Sharding, Replication, and Eventual Consistency in Search Systems

Sharding for Horizontal Scale

Search databases partition indexes into shards (independent index fragments) distributed across nodes. Each shard contains a subset of documents and operates as a self-contained search engine. When a query arrives, it fans out to all relevant shards in parallel, each shard computes local top-k results, then a coordinator node merges these partial results into the final response. This scatter-gather pattern enables linear scaling: doubling shard count doubles indexing throughput and reduces per-shard query load.
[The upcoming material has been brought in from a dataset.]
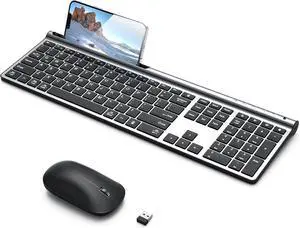 CHESONA Wireless Keyboard and Mouse Combo, Wireless Rechargeable Full Size Multi-Device (Wireless 5.0+3.0+2.4G) Keyboard Mouse Combo for Mac OS/iOS/Windows/Android, Silver Black

Shard count is typically fixed at index creation because redistributing data requires full reindexing. The critical sizing decision targets 10 to 50 GB per shard. Smaller shards waste resources through coordination overhead and poor cache locality. Larger shards slow recovery (a failed 100 GB shard takes hours to rebuild) and increase tail latency (the slowest shard determines response time). A 500 GB index might use 10 primary shards at 50 GB each.

Replication for Availability and Read Scaling

Each primary shard has R replica copies stored on different nodes. Replicas serve two purposes: high availability (if a node fails, replicas promote to primary) and read scaling (queries can execute on any replica). A typical production setup uses 1 or 2 replicas per primary. With 5 primary shards and 2 replicas, you have 15 total shard copies. Queries route to the least loaded replica using adaptive selection algorithms that track per-node latency and queue depth.
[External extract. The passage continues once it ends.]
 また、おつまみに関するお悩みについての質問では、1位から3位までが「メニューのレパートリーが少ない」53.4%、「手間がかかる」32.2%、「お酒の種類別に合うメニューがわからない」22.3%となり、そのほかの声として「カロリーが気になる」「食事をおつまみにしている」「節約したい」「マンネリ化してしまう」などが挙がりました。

Writes always go to the primary shard first, then replicate to replicas synchronously before acknowledgment. This ensures durability: a write confirmed by the system exists on at least R + 1 copies. However, synchronous replication adds write latency proportional to the slowest replica. Production systems balance this by tuning replication factors based on durability requirements versus write performance needs.

Eventual Consistency at Refresh Granularity

The critical trade off is eventual consistency at refresh granularity. When you write a document, it lands in an in-memory buffer on the primary, replicates to replica buffers, but becomes searchable only after the next refresh (typically 1 second). A user who writes then immediately searches from a different node might not see their document. This is not a bug but a deliberate design choice trading read-after-write consistency for dramatically higher throughput.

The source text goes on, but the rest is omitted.